- Born: 1984 or 1985 (age 40–41) Detroit, Michigan, US
- Education: Michigan State University; French Culinary Institute;
- Culinary career
- Previous restaurants Lady of the House; Republic Tavern; Parks & Rec Diner; Rodin; ;

= Kate Williams (chef) =

American chef and restaurateur

Kate Williams is a chef and restaurateur in Detroit, Michigan, US. She was chef and restaurateur for Lady of the House in Detroit's Corktown neighborhood. In 2018 Food + Wine named her one of America's best new chefs and GQ and Esquire named the restaurant to their lists of best new restaurants. Lady of the House closed in 2021 during the COVID-19 pandemic.

== Early life ==
Williams was born in 1985 in Detroit to parents who were also from Detroit. She studied food science at Michigan State University. She received a culinary degree from the French Culinary Institute.

== Career ==
Williams served as sous chef for Wolfgang Puck in Chicago and worked in restaurants in New York and at Restaurant Relæ in Copenhagen. She was living in New York and working in restaurants when she came home to attend a funeral and "decided this is the only place I want to have a restaurant". She returned to Detroit and helped open Republic Tavern and Parks & Rec Diner, serving as Executive Chef for Republic and Rodin before opening Lady of the House.

=== Lady of the House ===
The restaurant opened in September 2017 in Detroit's Corktown neighborhood in a 1970s building that was previously home to St. Cece's, an Irish pub. It is open Tuesday through Sunday for dinner and, since February 2018, on Saturday and Sunday for brunch. Some of the dinnerware had belonged to Williams' grandmother. Childhood photos of restaurant employees hang in a hallway.

According to Food + Wine it is a "no-waste kitchen". Williams uses trim from prime rib to make tartare.

Diners are sometimes disappointed when a dish they've read about is unavailable due to the seasonal nature of Williams' menu. One of Williams' signature dishes is a "carrot steak", a large carrot shaved into thin slices, salted, rolled into a rosette, and basted in butter. It requires large carrots, so is available only at times of year when local farmers are producing them.

Williams' initial vision was to build a neighborhood restaurant "that feels like it's been there forever". She wanted a restaurant "small enough that I am cooking every day and not just doing paperwork".

The restaurant closed in 2021 during the COVID-19 pandemic.

== Recognition ==
In 2018 Food + Wine named her one of America's best new chefs, one of only three Michigan chefs since the magazine started the list. The same year, GQ and Esquire named the restaurant to their lists of the year's best new restaurants. The restaurant was a semifinalist for the James Beard Foundation Award for best new restaurant in the country.

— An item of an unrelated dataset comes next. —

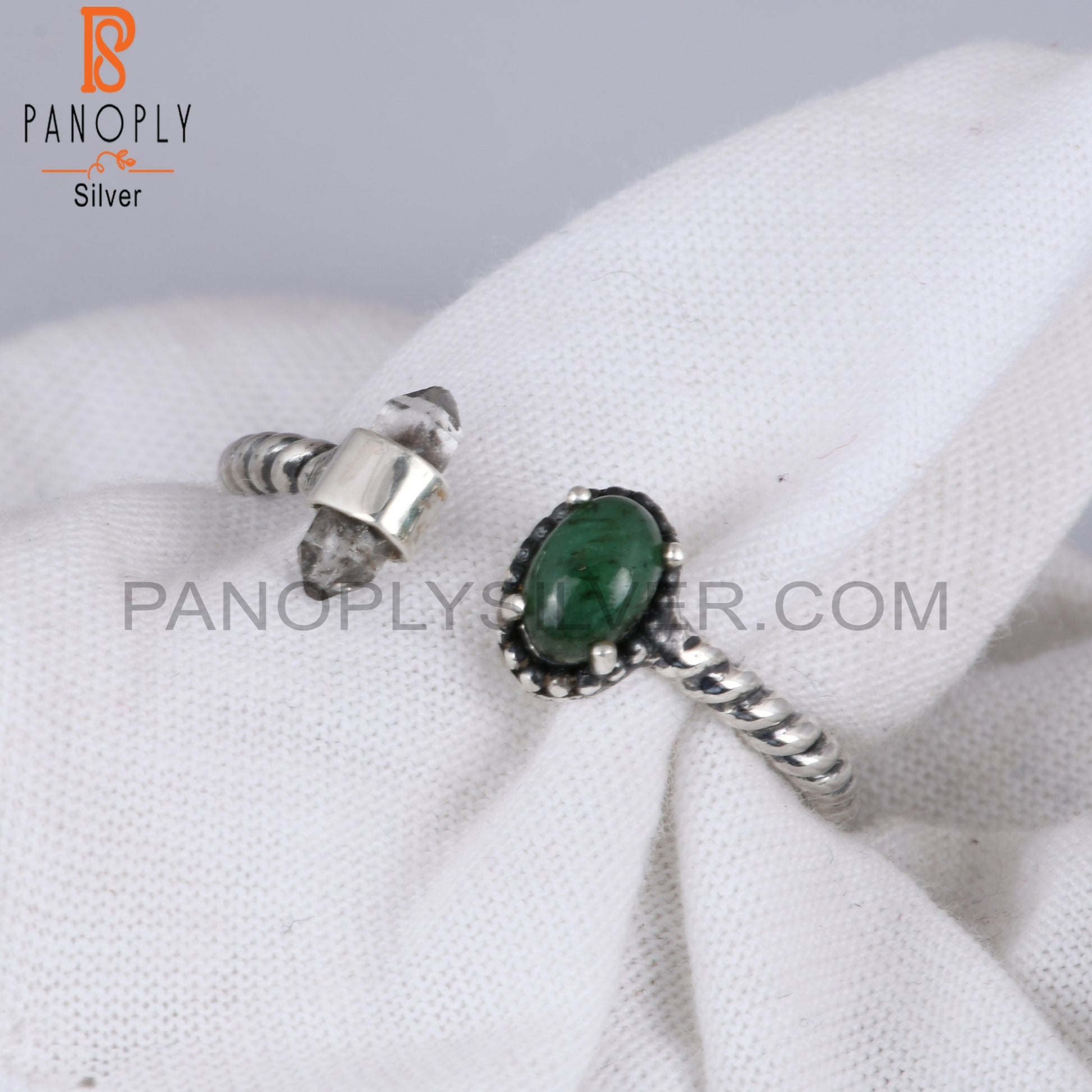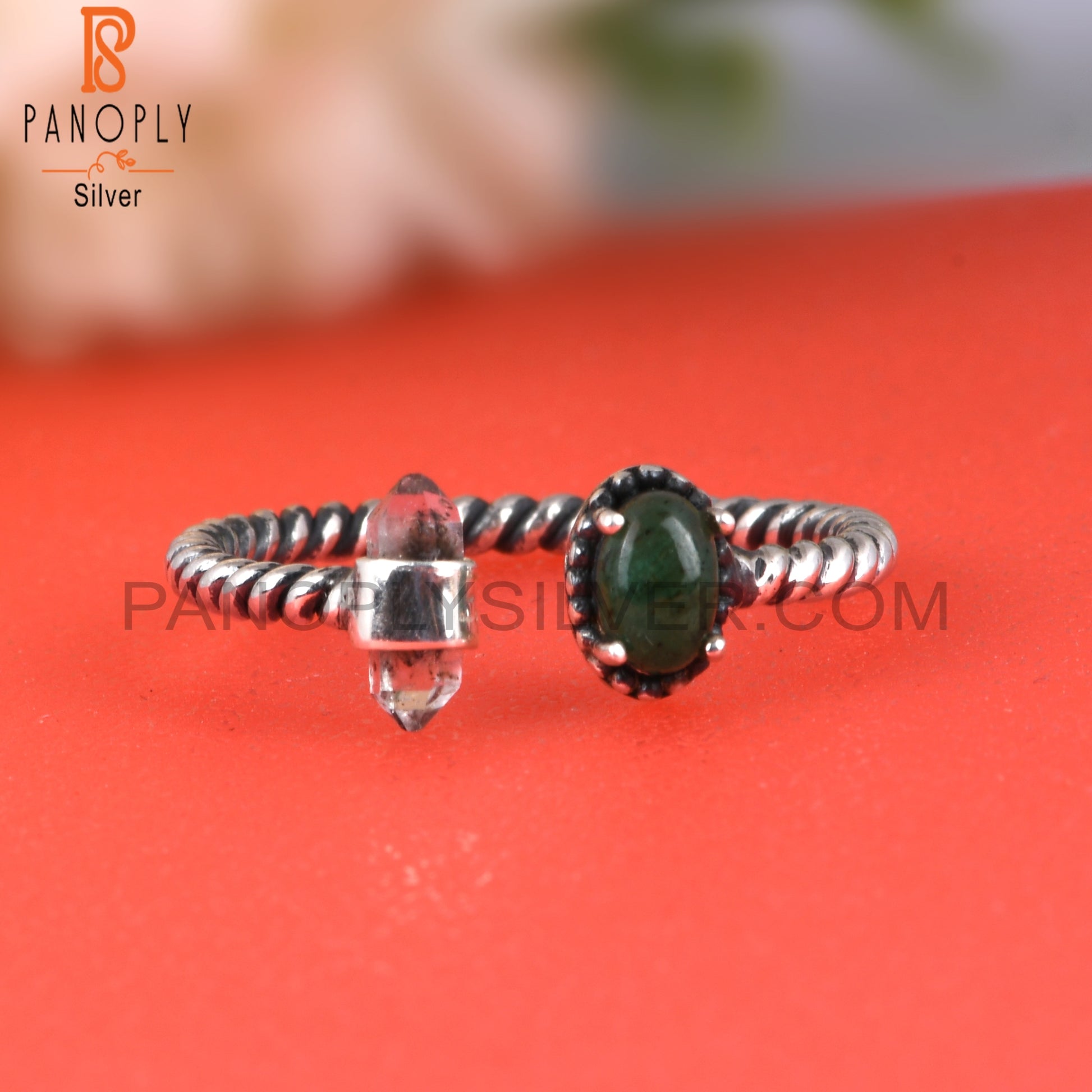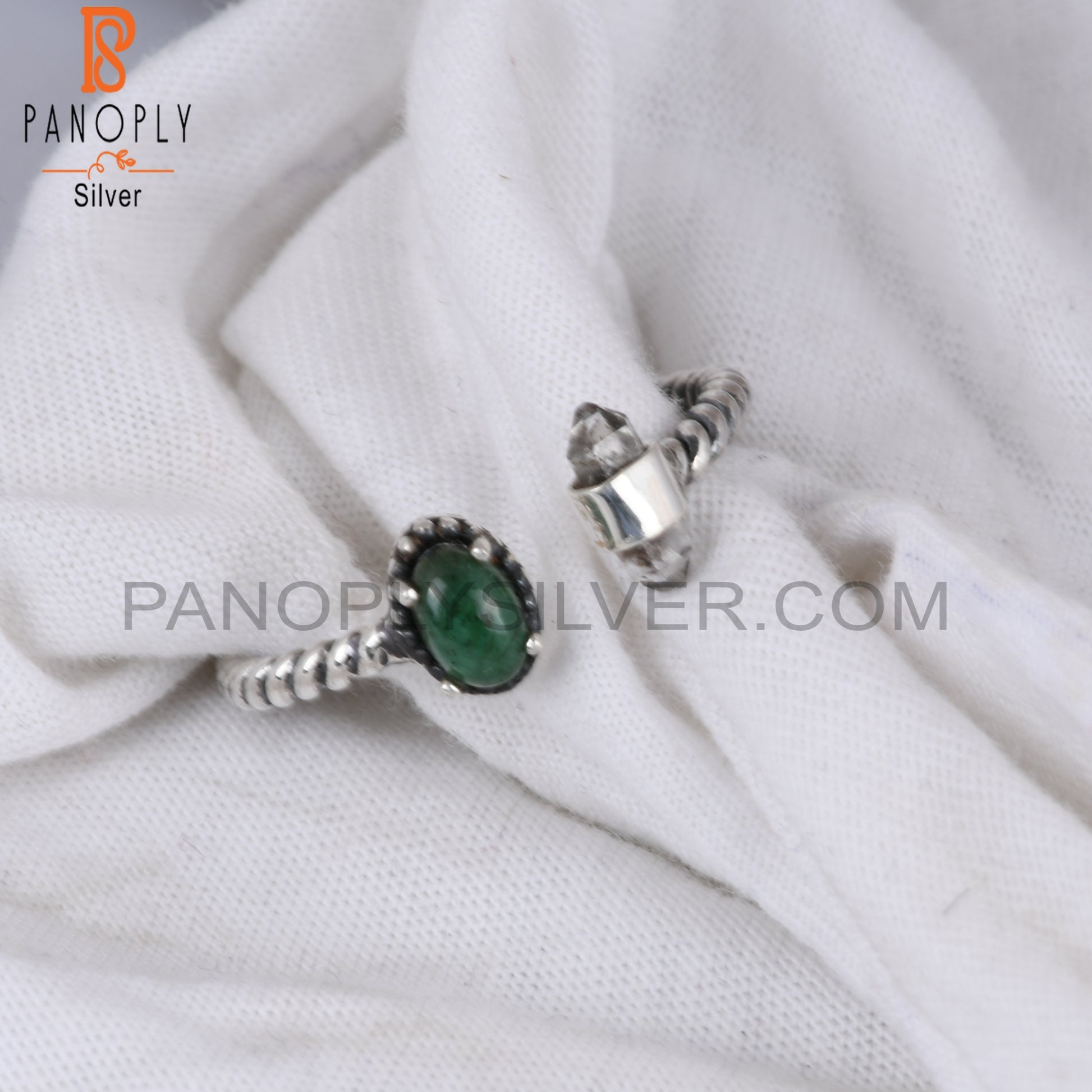 Emerald & Herkimer Diamond 925 Sterling Silver Ring

In 2019 she was a semifinalist for a James Beard Foundation Award for best chef in the Great Lakes.

Industry journal Restaurant Hospitality called her "the poster child for Detroit's rising food scene". The Chicago Tribune said her food showed "pure mastery". The New York Times called it "seasonal-voluptuous".

== Philanthropy ==
Williams works with Alternatives for Girls, which helps homeless and at-risk girls and young women. She teaches cooking classes on preparing inexpensive, healthy meals.

== Personal life ==
Williams has lived in Corktown since 2014. She has family connections to Corktown and Detroit. Her paternal grandfather once lived a few blocks from the restaurant's location. Her maternal grandparents met at the Gaelic League, located around the corner. A great-great-grandfather ran a bakery in Detroit's West Village neighborhood.